Basic facts about policy gradients

last updated:

Problem setup

The goal of Reinforcement Learning (RL) is for an agent to learn “optimal” behavior through interaction with an environment. The agent’s decisions are guided by a policy $\pi_\theta(a|s)$, parameterized by $\theta$. The objective is to find $\theta$ that maximizes

\[J(\theta) = E_{\tau \sim \pi_\theta}[G_0],\]

Here, $G_0 = \sum_{k=0}^\infty \gamma^k r_{k+1}$ is the total discounted return for a trajectory $\tau=(s_0, a_0, r_1, s_1, \dots)$ generated by following policy $\pi_\theta$ from an initial state $s_0$ drawn from a distribution $p_0(s_0)$ with $\gamma \in [0,1]$ being the “discount factor.” The distribution $p_0(s_0)$ specifies the probability of starting an episode in state $s_0$.

Value functions and Bellman equations

To evaluate policies, we define value functions. These functions rely on the concept of the return from a generic time step $t$, $G_t = \sum_{k=0}^\infty \gamma^k r_{t+k+1}$. Importantly, in this definition of $G_t$, the discount $\gamma^k$ applies to the $k$-th reward after $r_t$, meaning the “discount clock” effectively resets at time $t$.

  1. The State-Value Function $V^\pi(s) = E_\pi[G_t | s_t=s]$ is the expected return from starting in state $s$ and following policy $\pi$.
  2. The Action-Value Function $Q^\pi(s,a) = E_\pi[G_t | s_t=s, a_t=a]$ is the expected return from starting in state $s$, taking action $a$, and then following policy $\pi$.
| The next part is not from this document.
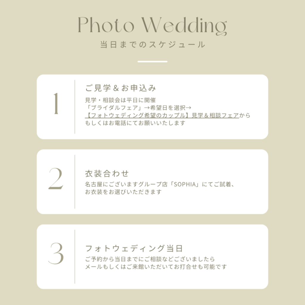 フォトウェディングの見学・相談会は平日のみ開催しておりますが、

Because the environment and policy are stationary, the specific value of $t$ used in the definition does not change the resulting values $V^\pi(s)$ or $Q^\pi(s,a)$; they are functions of state (and action) only.
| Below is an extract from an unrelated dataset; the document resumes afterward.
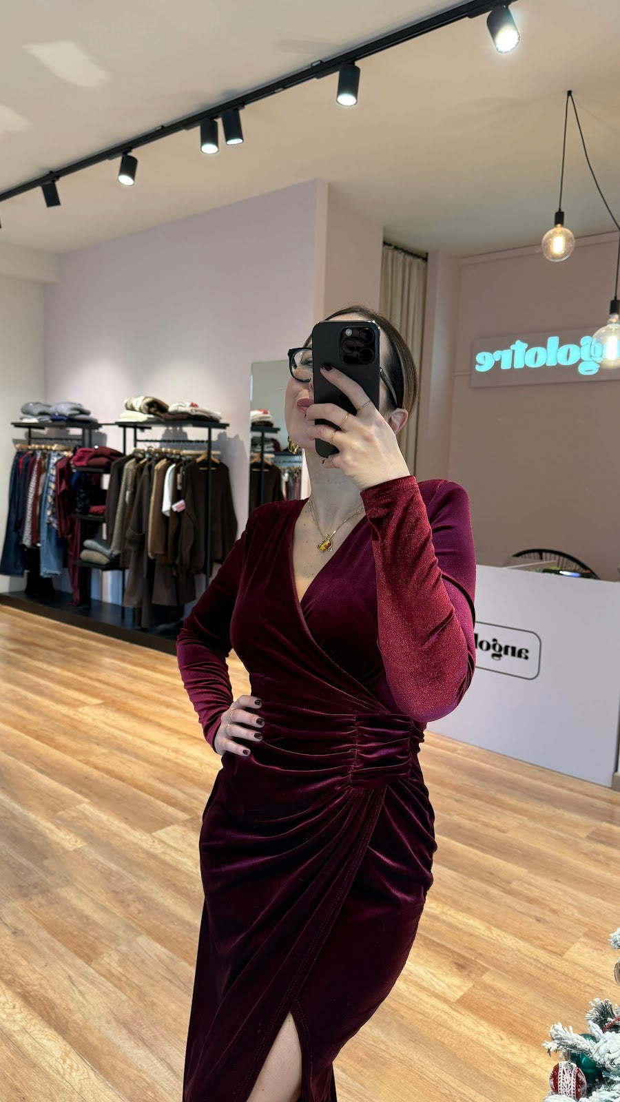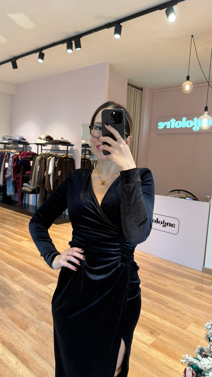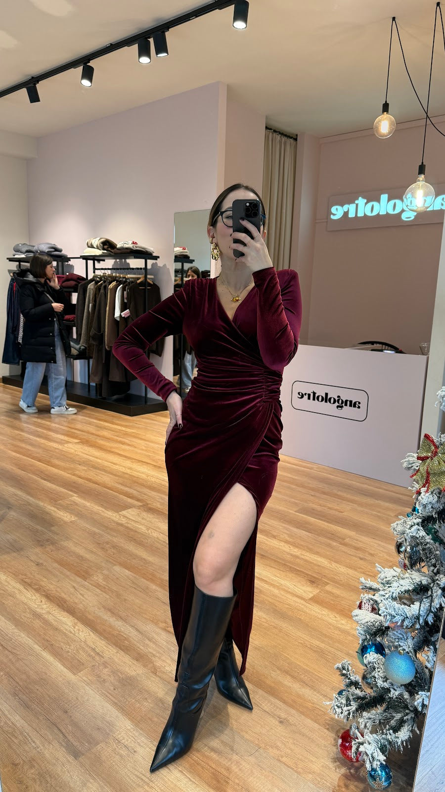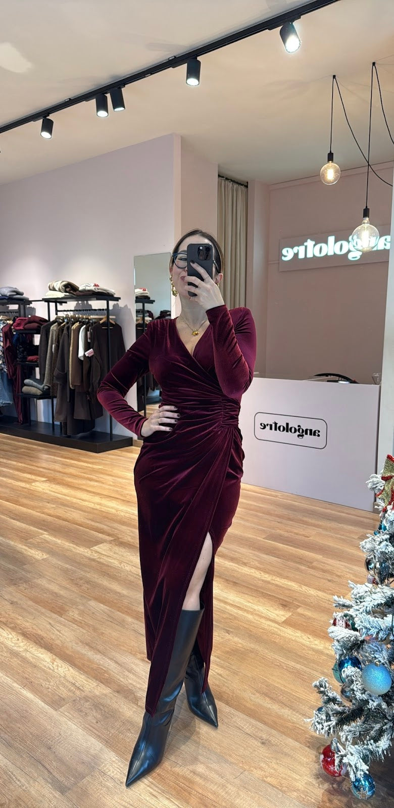 Abito lunghezza midi in ciniglia con spalline, incrociato sul davanti con drappeggio laterale e spacco. Greta veste una taglia 40/42.

These value functions are related by the identity:

\[V^\pi(s) = \sum_a \pi(a|s) Q^\pi(s,a).\]

They satisfy the Bellman expectation equations, which express values recursively. Let $P(s’|s,a)$ be the state transition probability and $R(s,a,s’)$ be the expected immediate reward for $(s,a,s’)$.

\[\begin{aligned} V^\pi(s) &= \sum_a \pi(a|s) \sum_{s'} P(s'|s,a) [R(s,a,s') + \gamma V^\pi(s')], \\ Q^\pi(s,a) &= \sum_{s'} P(s'|s,a) [R(s,a,s') + \gamma V^\pi(s')]. \end{aligned}\]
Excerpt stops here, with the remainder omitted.